Record low inflation explains agricultural protests across India

Food price inflation slips to negative territory; factory output slows marginally to 3.1%; RBI under pressure to cut key rates
Image for representational purpose only. (EPS)
Image for representational purpose only. (EPS)

NEW DELHI / CHENNAI: Retail inflation fell to a record low of 2.18 per cent in May aided by the fall in prices of vegetables and pulses, and a drop in prices of clothing, housing and fuel. The figure stood at 5.76 per cent around the same time last year and at 2.99 per cent last month. This is the lowest level that inflation has touched ever since the new series was introduced in 2012.

Low inflation levels are an indicator of falling demand and weak economic activity in the market, say experts, and May’s numbers have put pressure on the Central bank to reduce interest rates in order to spur growth.

Despite growing clamour by industry bodies and the government for a cut in key interest rates, the Reserve Bank of India left them unchanged during its Monetary Policy Review last week, citing an ‘uncertain inflation outlook’. 

While forecast of a normal monsoon this year is good news for consumers as it means better yield and lower food prices, lower inflation has its own dangers, warn experts.

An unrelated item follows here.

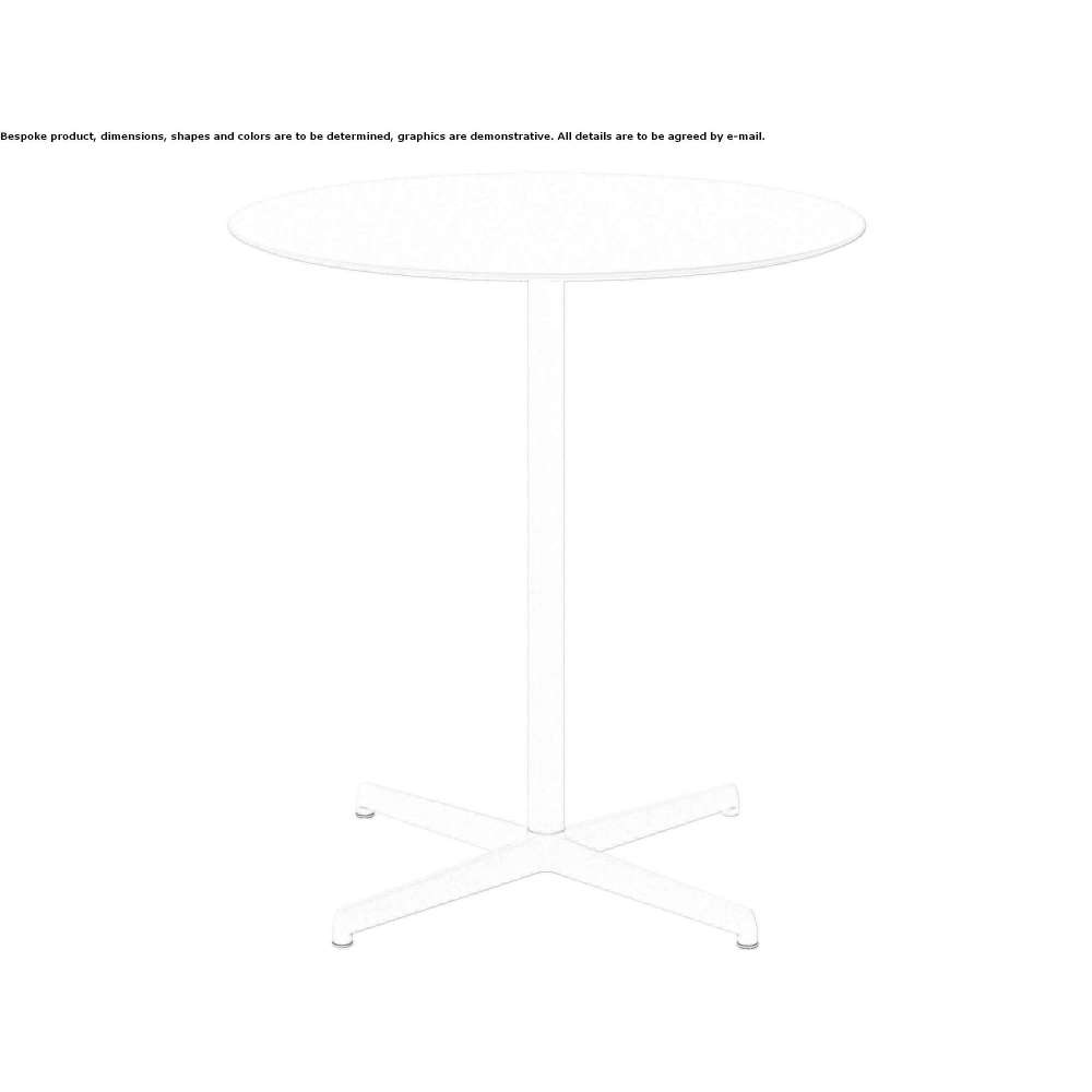 Table with die-cast aluminum base and steel tube. Countertop made of layered laminate, available in black, white or lacquered. Lacquered base in the same finish as the top.

It could manifest “in the form of rural distress without agricultural reforms,” says a research report by India’s largest lender State Bank of India.

The overall food price inflation in May slipped into the negative territory and hovered at (-) 1.05 per cent. This is the first time since January 2012 that food prices have witnessed a deflation. Notably, farmers across the country are protesting for higher support prices that meet input costs incurred in cultivation.


“The interesting part is even if we compare the October 2016 food prices with the three-year average, the prices have barely moved,” stated the report authored by Soumya Kanti Ghosh, Group Chief Economic Advisor, SBI. “This is all the more relevant, given the agitations for farm loan waivers in different parts of the country as signs of rural distress, a flip side of the crash in food inflation over the last several months.” 

This argument is supported by the government’s inflation data. Prices of vegetables dropped sharply from (-) 8.59 per cent in April to (-) 13.44 in May and prices of pulses and products plunged from (-) 15.94 per cent in April to (-) 19.45 in May. 

“While decline in food inflation is good news for policy makers and consumers, it is not very good news for farmers and especially vegetable and pulses farmers,” said Sunil Kumar Sinha, Principal Economist, India Ratings & Research.

“Prices of pulses in some harvesting areas are already lower than the MSP and thus farmers are not getting full benefit of increased production leading to farmer unrest and increasing clamour for farm loan waiver.”

Meanwhile, data released by the Central Statistics Office showed the index of industrial production (IIP) also slowed marginally to 3.1 per cent in April from 3.8 per cent a month ago, possibly due to ‘lagged impact of demonetisation’.